Information shown -
·····

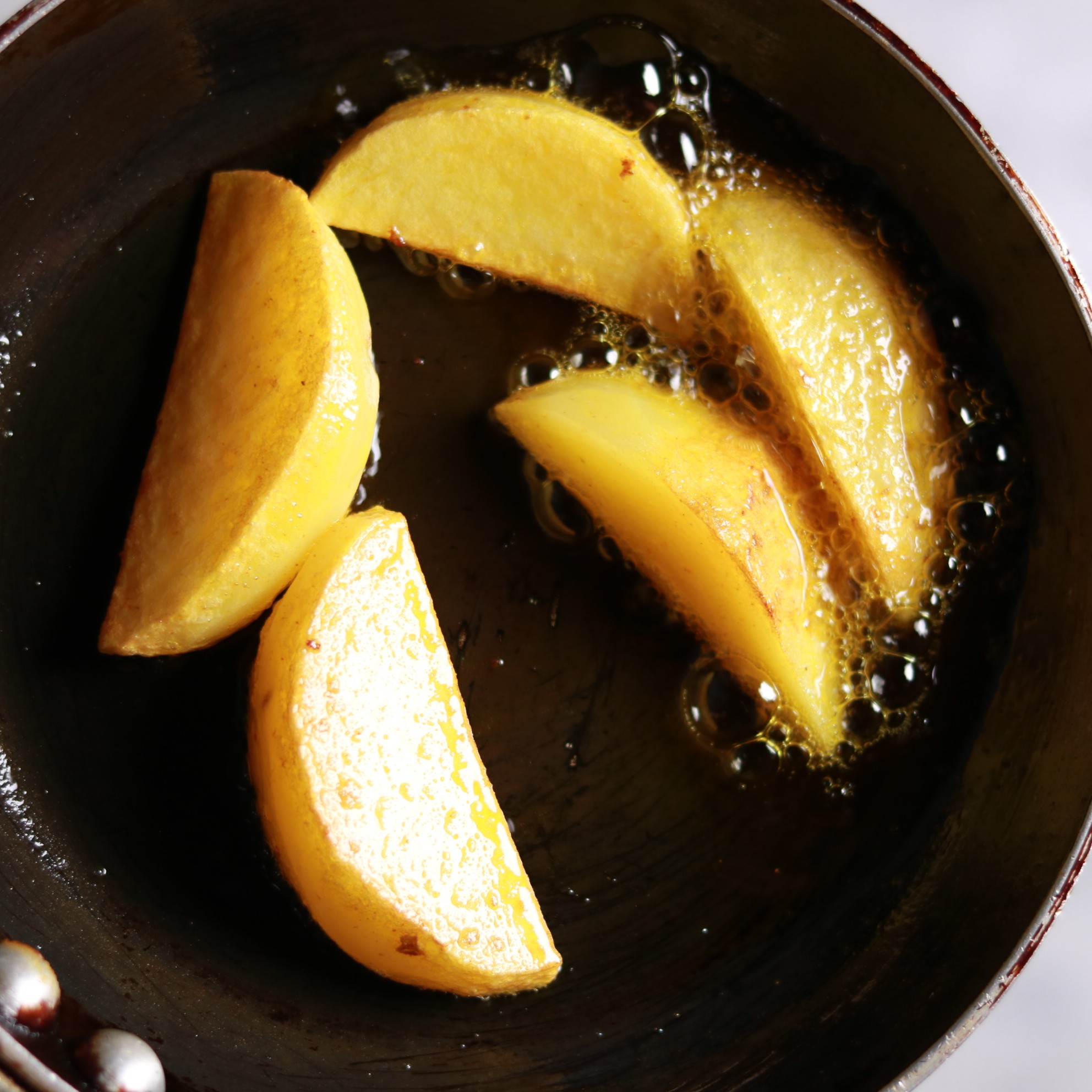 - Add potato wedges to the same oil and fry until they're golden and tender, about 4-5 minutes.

·····

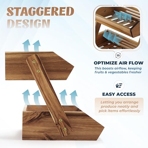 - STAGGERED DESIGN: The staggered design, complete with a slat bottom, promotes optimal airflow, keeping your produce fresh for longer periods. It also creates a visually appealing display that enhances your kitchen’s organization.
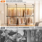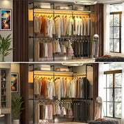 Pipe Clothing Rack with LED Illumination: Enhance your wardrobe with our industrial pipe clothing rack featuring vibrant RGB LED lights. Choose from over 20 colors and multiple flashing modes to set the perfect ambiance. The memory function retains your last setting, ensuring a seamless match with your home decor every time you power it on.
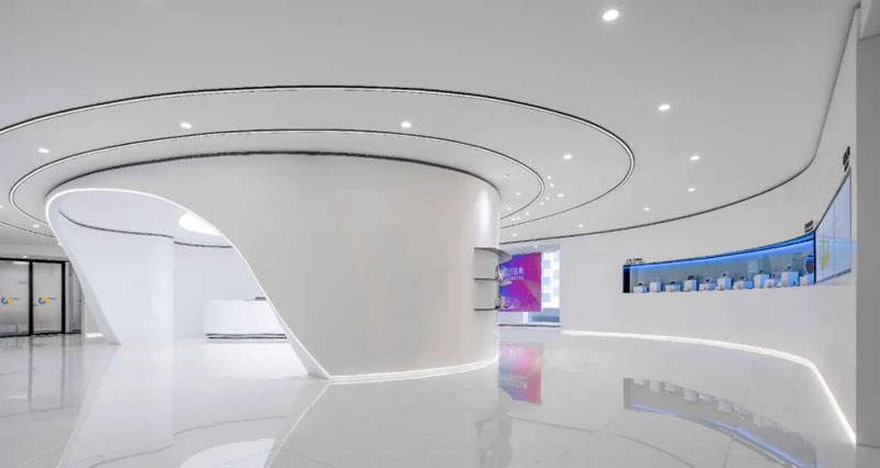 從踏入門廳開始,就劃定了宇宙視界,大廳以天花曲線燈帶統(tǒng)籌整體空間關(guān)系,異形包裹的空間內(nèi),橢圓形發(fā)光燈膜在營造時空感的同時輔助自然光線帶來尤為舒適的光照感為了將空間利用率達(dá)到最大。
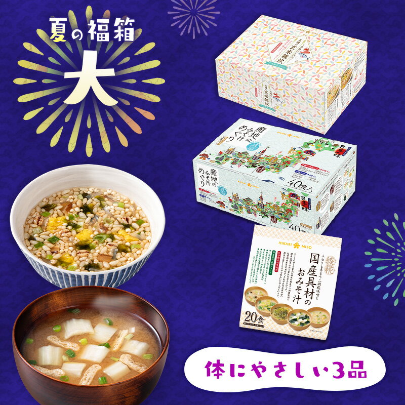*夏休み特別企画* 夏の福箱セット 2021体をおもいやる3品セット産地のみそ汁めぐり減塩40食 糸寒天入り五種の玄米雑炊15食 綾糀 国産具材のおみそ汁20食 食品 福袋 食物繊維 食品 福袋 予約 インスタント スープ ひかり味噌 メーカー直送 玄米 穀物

·····

Work instruction -
Copy word for word the lines above, starting at the line containing "- STAGGERED DESIGN: The" and ending at the line containing "メーカー直送 玄米 穀物", inclusive, with no pictures.

Output for this exercise -
 - STAGGERED DESIGN: The staggered design, complete with a slat bottom, promotes optimal airflow, keeping your produce fresh for longer periods. It also creates a visually appealing display that enhances your kitchen’s organization.
 Pipe Clothing Rack with LED Illumination: Enhance your wardrobe with our industrial pipe clothing rack featuring vibrant RGB LED lights. Choose from over 20 colors and multiple flashing modes to set the perfect ambiance. The memory function retains your last setting, ensuring a seamless match with your home decor every time you power it on.
 從踏入門廳開始,就劃定了宇宙視界,大廳以天花曲線燈帶統(tǒng)籌整體空間關(guān)系,異形包裹的空間內(nèi),橢圓形發(fā)光燈膜在營造時空感的同時輔助自然光線帶來尤為舒適的光照感為了將空間利用率達(dá)到最大。
*夏休み特別企画* 夏の福箱セット 2021体をおもいやる3品セット産地のみそ汁めぐり減塩40食 糸寒天入り五種の玄米雑炊15食 綾糀 国産具材のおみそ汁20食 食品 福袋 食物繊維 食品 福袋 予約 インスタント スープ ひかり味噌 メーカー直送 玄米 穀物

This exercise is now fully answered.